But, in a broader sense, our whole life is prayer because every act of our life is, in a very real sense, a religious act. Our daily devotions are more important to us than food.
We wake at daybreak, put on our moccasins and step down to the water's edge. Here we throw handfuls of clear, cold water into our face, or plunge in bodily.
After the bath, we stand erect brfore the advancing dawn, facing the sun as it dances upon the horizon, and offer our unspoken prayer. Our mate may proceed or follow us in our devotions, but never accompanies us. Each soul must meet the morning sun, the new sweet earth, and the Great Silence alone.

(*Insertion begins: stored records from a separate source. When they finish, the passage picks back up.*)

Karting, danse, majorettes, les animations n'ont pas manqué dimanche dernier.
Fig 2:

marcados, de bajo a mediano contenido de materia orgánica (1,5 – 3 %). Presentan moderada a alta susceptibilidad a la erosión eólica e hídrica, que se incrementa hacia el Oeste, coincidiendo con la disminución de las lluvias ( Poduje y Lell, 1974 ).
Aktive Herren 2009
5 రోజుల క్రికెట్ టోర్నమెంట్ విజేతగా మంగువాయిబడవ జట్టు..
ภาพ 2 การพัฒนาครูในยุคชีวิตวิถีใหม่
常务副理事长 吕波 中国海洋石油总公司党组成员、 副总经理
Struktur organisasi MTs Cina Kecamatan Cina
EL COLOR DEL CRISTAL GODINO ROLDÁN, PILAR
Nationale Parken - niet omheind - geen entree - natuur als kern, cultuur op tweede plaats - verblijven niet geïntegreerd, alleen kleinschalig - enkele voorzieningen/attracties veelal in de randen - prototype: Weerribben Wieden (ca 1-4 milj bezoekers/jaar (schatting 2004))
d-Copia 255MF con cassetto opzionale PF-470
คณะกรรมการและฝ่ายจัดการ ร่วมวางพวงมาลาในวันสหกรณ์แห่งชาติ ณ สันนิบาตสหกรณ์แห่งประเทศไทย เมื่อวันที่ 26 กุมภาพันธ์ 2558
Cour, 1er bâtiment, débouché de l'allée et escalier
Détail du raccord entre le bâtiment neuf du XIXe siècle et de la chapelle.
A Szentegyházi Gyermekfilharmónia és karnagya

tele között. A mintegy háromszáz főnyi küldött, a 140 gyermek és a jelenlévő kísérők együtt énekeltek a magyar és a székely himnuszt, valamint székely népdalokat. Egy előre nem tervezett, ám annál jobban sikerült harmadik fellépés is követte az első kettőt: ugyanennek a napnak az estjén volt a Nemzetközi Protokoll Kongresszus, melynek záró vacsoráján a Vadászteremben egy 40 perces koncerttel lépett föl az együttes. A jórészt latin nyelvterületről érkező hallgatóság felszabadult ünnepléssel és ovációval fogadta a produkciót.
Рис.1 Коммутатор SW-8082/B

Whenever, in the course of our day, we might come upon a scene that is strikingly beautiful or sublime - the black thundercloud with the rainbow's glowing arch above the mountain; a white waterfall in the heart of a green gorge; a vast prairie tinged with the blood-red of sunset - we pause for an instant in the attitude of worship.
We recognize the spirit in all creation, and believe that we draw spiritual power from it. Our respect for the immortal part of our brothers and sisters, the animals, often leads us so far as to lay out the body of any game we catch and decorate the head with symbolic paint or feathers. We then stand before it in an attitude of prayer, holding up the pipe that contains our sacred tobacco, as a gesture that we have freed with honor the spirit of our brother or sister, whose body we were compelled to take to sustain our own life.
When food is taken, the woman murmers a "grace" - an act so softly and unobtrusively performed that one who does not know the custom usually fails to catch the whisper: "Spirit, partake!"
As her husband receives his bowl or plate, he likewise murmers his invocation to the spirit. When he becomes an old man, he loves to make a particular effort to prove his gratitude. He cuts off the choicest morsel of the meat and casts it into the fire - the purest and most etheral element.
Thus we see no need for the setting apart one day in seven as a holy day, since to us all days belong to God.